Recently, the 11th Sino-French Hematology Academic Conference of the Chinese Medical Doctor Association was successfully held in Tianjin, attracting hundreds of domestic and international authoritative experts and scholars in the field of hematology. During the conference, "Hematology Frontier" specially invited Dr. Norbert Claude Gorin from Hôpital Saint-Antoine in Paris, a member of the French National Academy of Medicine, and a foreign academician of the Chinese Academy of Engineering, to discuss the evolution of the role of autologous transplantation in the treatment of acute myeloid leukemia (AML) and the challenges and potential of immunotherapy in AML treatment.

Hematology Frontier: Given the historical significance of autologous transplantation in AML treatment, how do you envision the future role of this approach evolving amidst the emergence of novel drugs and immunotherapies?

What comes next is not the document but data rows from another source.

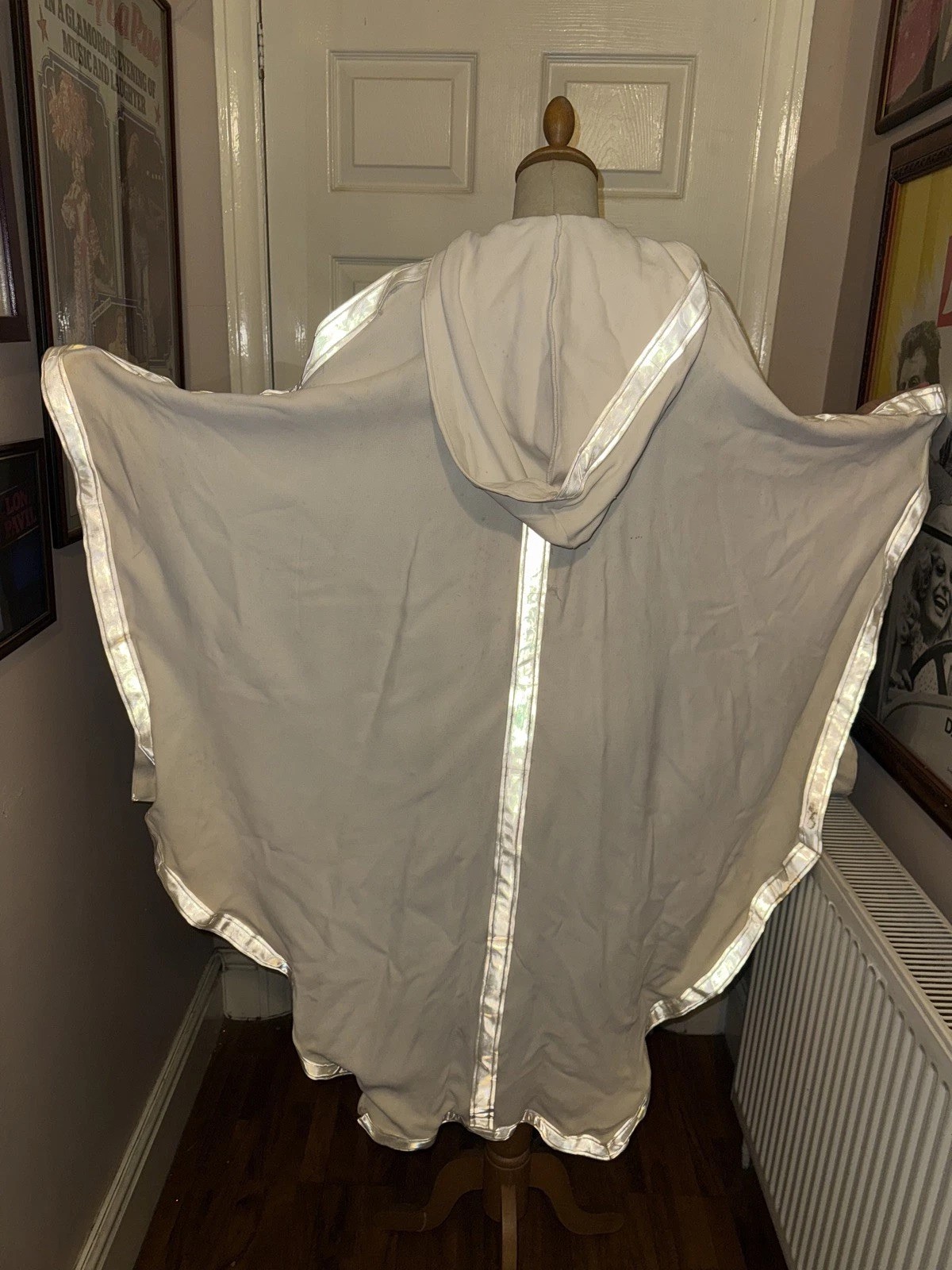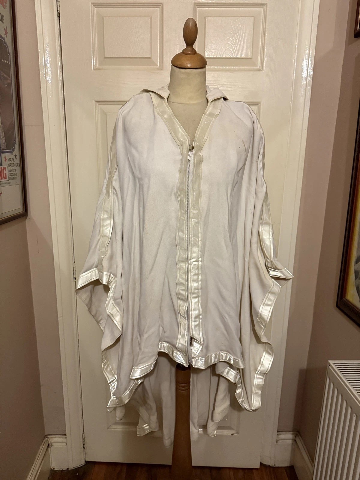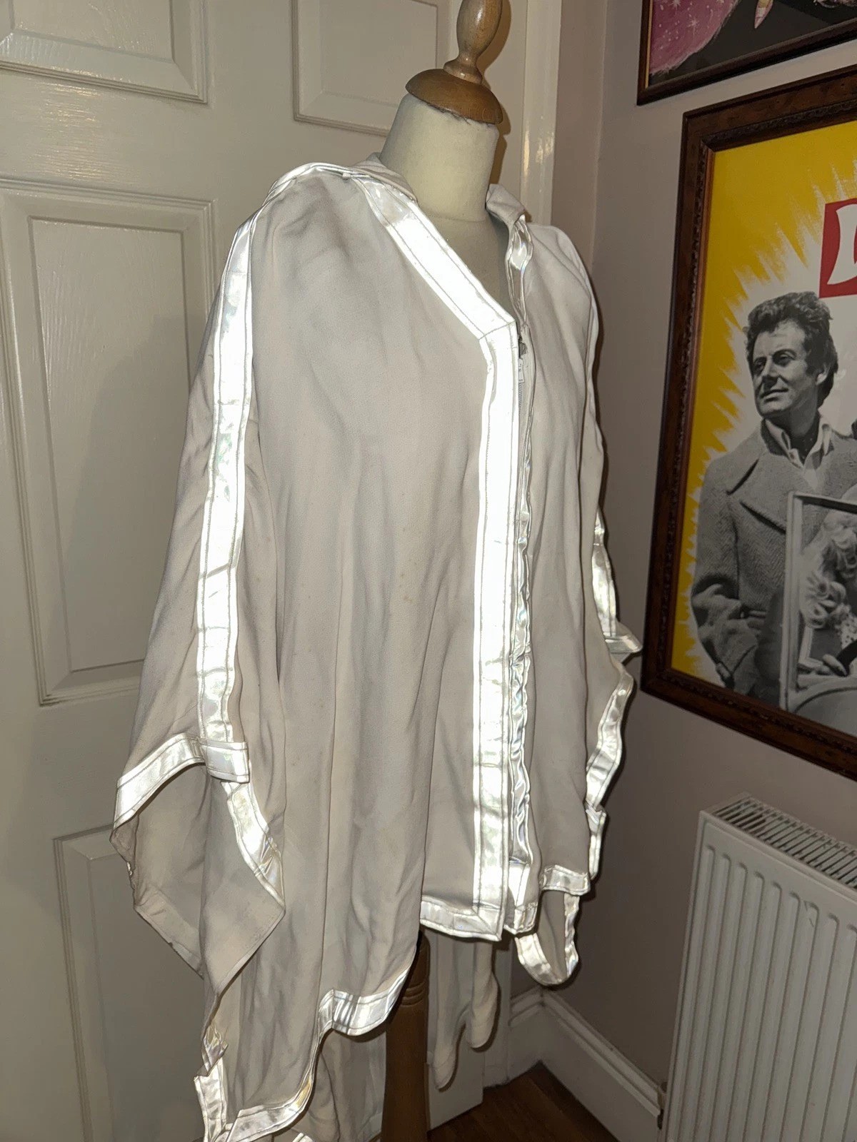This is an original Krypton costume that was made for the destruction of Krypton scene at the beginning of the 1978 film Superman. The costume is made from a heavyweight fabric almost in a kaftan style with very wide full sleeves & a hood to the back & reflective panelling to the front & all edgings. The costume fastens to the front with a zip & carries the original Bermans & Nathans label with production details.
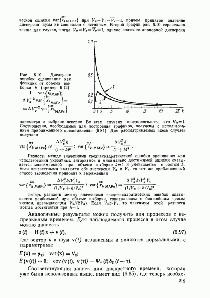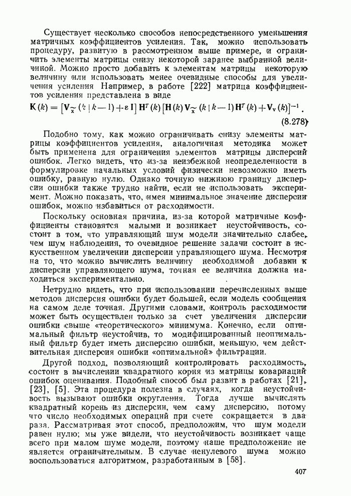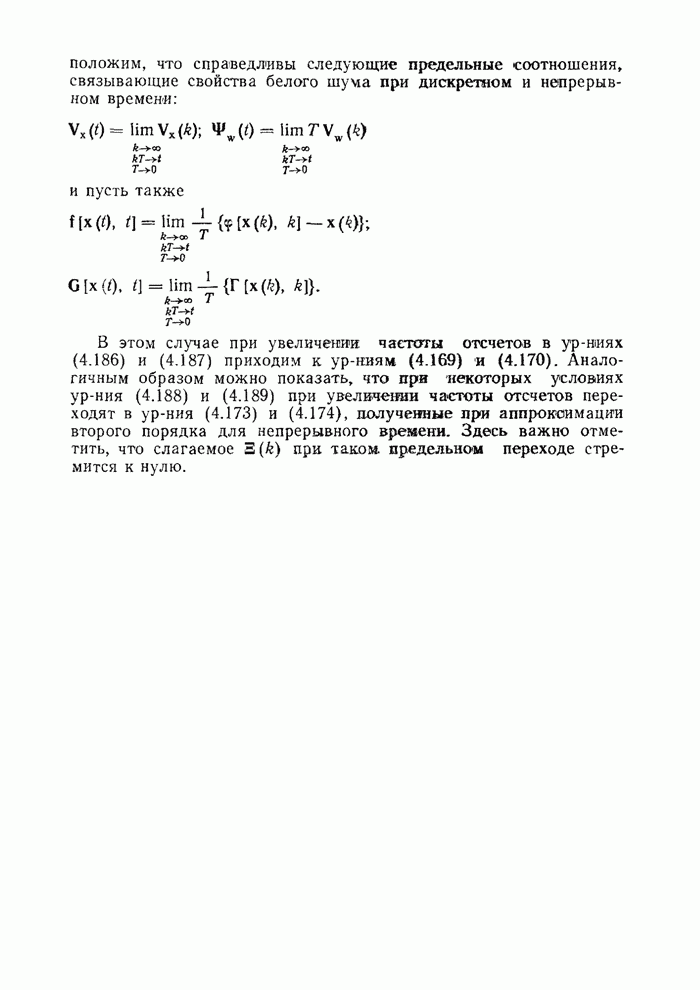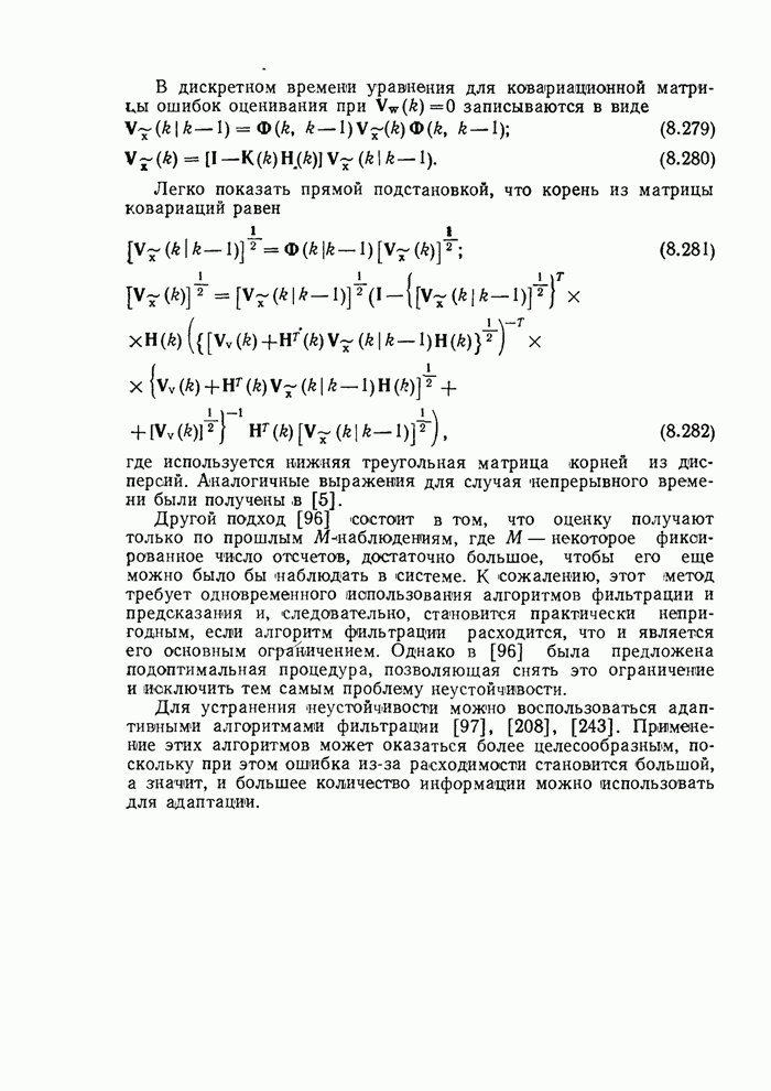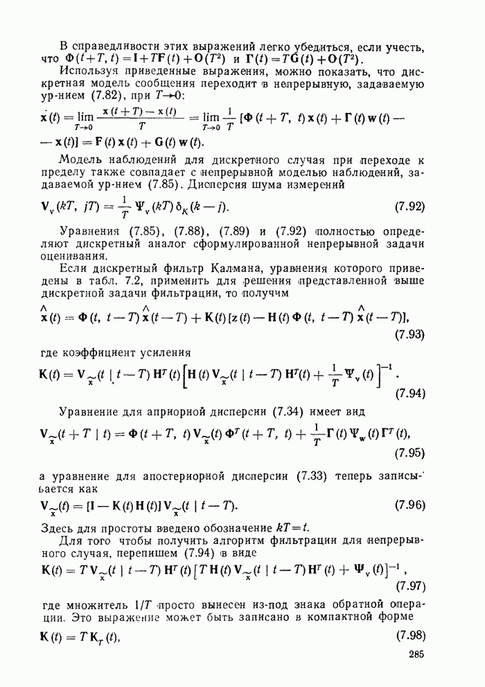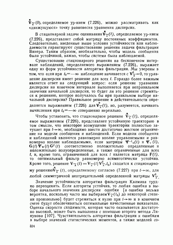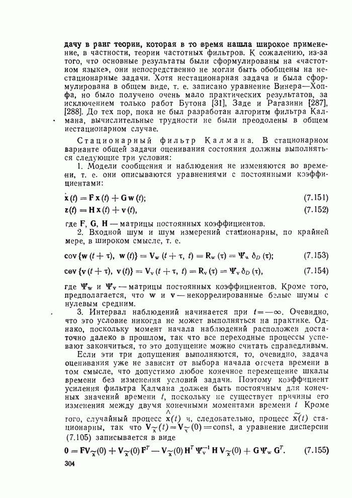 При изучении случайного процесса обычно можно сделать ряд утверждений относительно свойств процесса, таких, как непрерывность, ограниченность, используя понятие сходимости почти наверно или с вероятностью единица. При анализе поведения дисперсии ошибки оценивания можно избежать этих тонкостей, так как уравнение для дисперсии ошибки — детерминированное. Существуют два связанных друг с другом вопроса, касающиеся асимптотического поведения алгоритма фильтрации Калмана, которые будут рассмотрены в данном параграфе. Во-первых, определим условия существования стационарного решения уравнения дисперсии. Ответ на этот вопрос полезен тем, что он позволяет определить, когда существует решение стационарной задачи оценивания (задачи Винера), и указывает условия, выполнение которых необходимо для того, чтобы процесс оценивания оставался эффективным при увеличении интервала наблюдения. Второй и несомненно более важный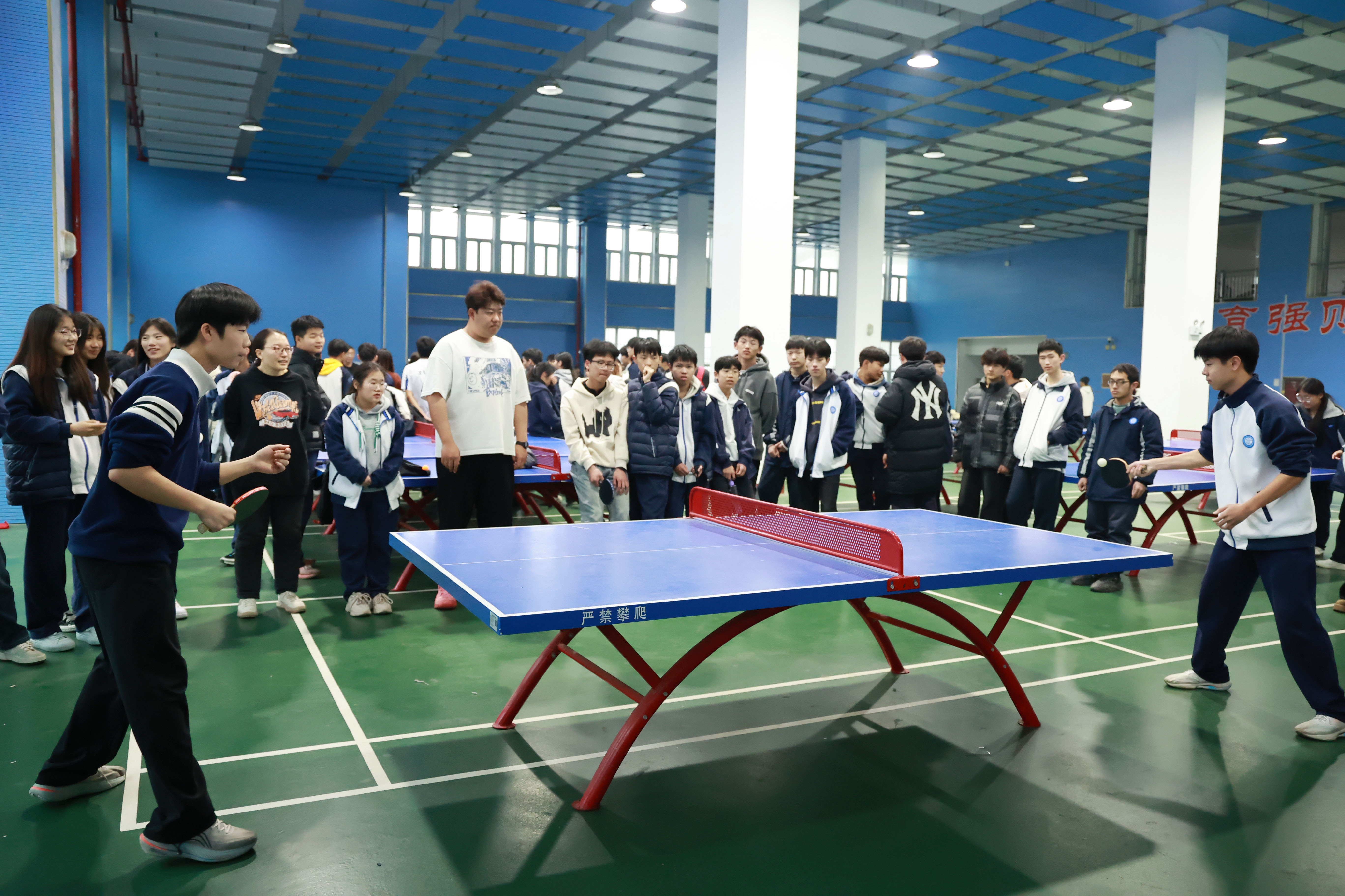 比赛现场气氛热烈,每一场比赛都扣人心弦。尤其是班主任们的对决更是引起围观学生的阵阵喝彩,把比赛的气氛推向高潮。发球、旋转、扣杀、防守……无论是老师还是学生都是全神贯注、沉着应战,小小的白色乒乓球在球桌上来回穿梭,划出一道道灵动的弧线。直拍横打、反手削球、大力扣杀等精彩招式轮番上演,精湛的球技引得现场观众的掌声。选手们不畏强手、敢打敢拼,即便比分落后也绝不轻言放弃,每一次救球、每一分争夺都尽显拼搏精神。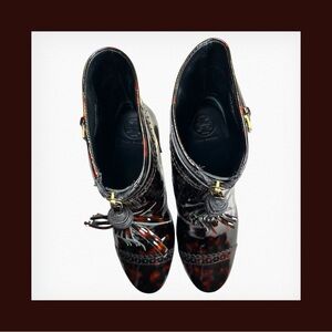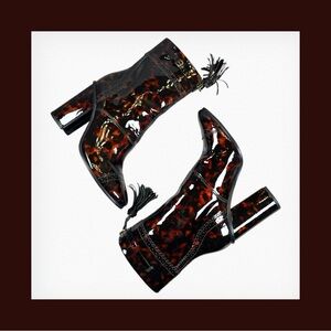 👉🏻 Made of tortoise-print patent leather that feels spot-on yet unexpected, with brogue-like trim and a buckled strap at the top with a tassel.

Dr. Norbert Claude Gorin: In the treatment of acute myeloid leukemia , allogeneic hematopoietic stem cell transplantation is often considered the most effective post-remission treatment method. It primarily relies on the graft-versus-leukemia effect, which involves an immune response by donor T cells against tumor surface antigens to eliminate leukemia cells. However, this process can be toxic, and sometimes the intensity of the treatment needs to be reduced to mitigate this toxicity.In contrast, autologous hematopoietic stem cell transplantation has the advantages of no donor restrictions, no graft-versus-host disease , and low transplant-related mortality. However, its anti-tumor effect is relatively weak. With the emergence of new drugs and immunotherapies, the future role of ASCT may evolve. On one hand, ASCT can serve as a treatment option for patients who are not suitable for allo-HSCT. For those who cannot find a suitable donor or cannot tolerate the high-intensity treatment of allo-HSCT, ASCT still has value. On the other hand, combining immunotherapy is expected to make up for the weakness of ASCT’s anti-tumor effect and enhance the anti-tumor immune response after ASCT. Currently, strategies combining ASCT with immunotherapy are being explored, aiming to achieve the same therapeutic effects as allo-HSCT while reducing side effects and improving patients’ quality of life. The exploration and optimization of this strategy are undoubtedly one of the important directions for future AML treatment research.In summary, the emergence of new drugs and immunotherapies has brought new opportunities and challenges to AML treatment. Autologous transplantation still has its value in specific patient populations, and by combining with emerging therapies, it may continue to play an important role in AML treatment in the future.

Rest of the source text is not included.